Here comes the sun
THE EARTH is bathed in a constant stream of energy from the sun. This energy is responsible for moving gigantic masses of air and water around in weather systems and ocean currents, and it provides sustenance (directly or indirectly) for all life on the planet. It is so plentiful that the sunlight hitting Earth in a single hour contains more energy than humans use in a year.
Despite the amount of energy falling out of the sky, human society is still powered mostly by the burning of fossil fuels, which causes immediate environmental damage and dangerous long-term global climate change. Although we have made progress in capturing solar energy, it still meets less than one per cent of global energy consumption.
Ted Sargent thinks we can change that.
“Nature has already solved that problem with photosynthesis,” Sargent says. “Trees and plants and photosynthetic bacteria are incredibly abundant. They construct themselves using solar energy. They repair themselves using solar energy. And they capture about 10 times more energy through photosynthesis every day than humanity consumes.”
Sargent is an electrical engineer who studies photovoltaics at the University of Toronto. He is heading up a new program called Bio-inspired Solar Energy that is entering its startup phase at CIFAR. The program will bring together plant biologists, physicists, chemists, materials scientists and engineers who will apply the lessons of biology to solar energy technology. The goal is to create technology that will allow us to produce enough clean, cheap, carbon-neutral energy to power economic growth without damage to the environment.

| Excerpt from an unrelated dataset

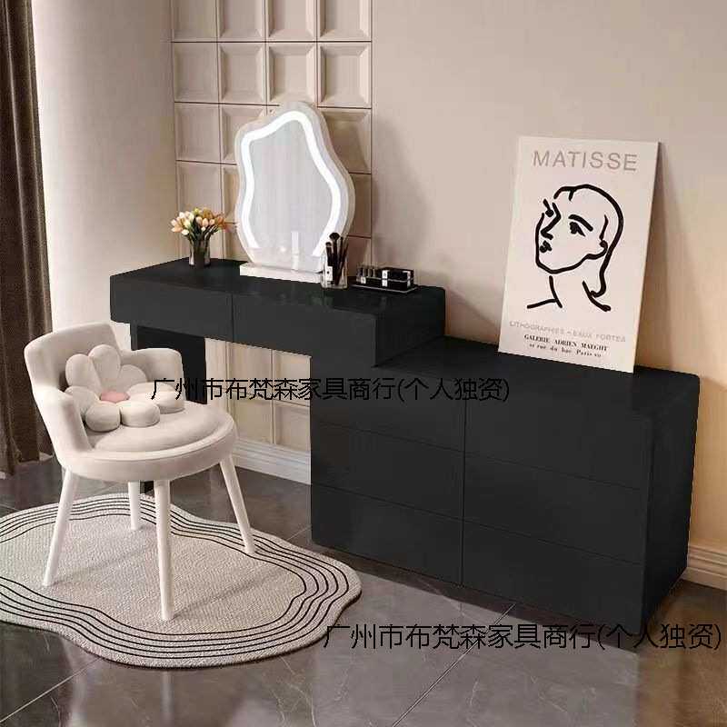 Tal奶油风梳妆台黑色化妆台斗柜一体梳妆台化妆镜卧室梳妆台梳妆

“Creating sustainable energy technologies—like solar cells and strategies to generate energy from the sun and store it as fuel—is an incredibly important goal. People have been working on these problems for decades. There’s been progress, but there’s still a need for a breakthrough. We need to understand how to capture the sun’s energy on an incredibly massive scale,” Sargent says.
“This group within CIFAR seeks to bring together those two communities—the photosynthesis community and the solar energy harvesting community—and have them learn from each other and create breakthroughs from that learning.”
A matter of scale
Today, the human population of 7.1 billion people consumes 15 terawatts (trillion watts) of energy every year. By 2050 that amount is projected to double to 30 terawatts as the population grows to 9.6 billion and the standard of living rises. Today, fossil fuels are the source of 85 per cent of our energy production.
There is a broad scientific consensus that fossil fuel use is changing our climate. It’s also clear that demands for energy will continue to increase. One way or another, we’ll need to develop other sources of energy. Fortunately, we are surrounded by enough solar energy to more than meet our needs. On average, 100,000 terawatts of energy reach the Earth’s surface. Just a fraction of that would more than meet our needs—if we could harness it.
Almost all solar energy we use today is captured by solar panels made of silicon semiconductors, the same material used in computer chips. When photons hit a silicon panel, they knock loose electrons, which flow in an electric current that is harnessed to generate power. Conventional solar cells are reasonably efficient, the best converting about 25 per cent of the sunlight that reach them it into energy.
But solar cells have drawbacks. Despite tremendous advances in recent decades, they are still relatively expensive to produce and install, they degrade over time and they produce electricity only when the sun is shining. Taken together, these drawbacks leave a lot of room for improving solar technology.
“Silicon has made huge progress—so much that it’s starting to approach its fundamental limit. The next generation of solar technology will have to become more efficient. There’s still the need for a breakthrough. We need to understand how to capture solar energy on a gigantic scale,” Sargent says.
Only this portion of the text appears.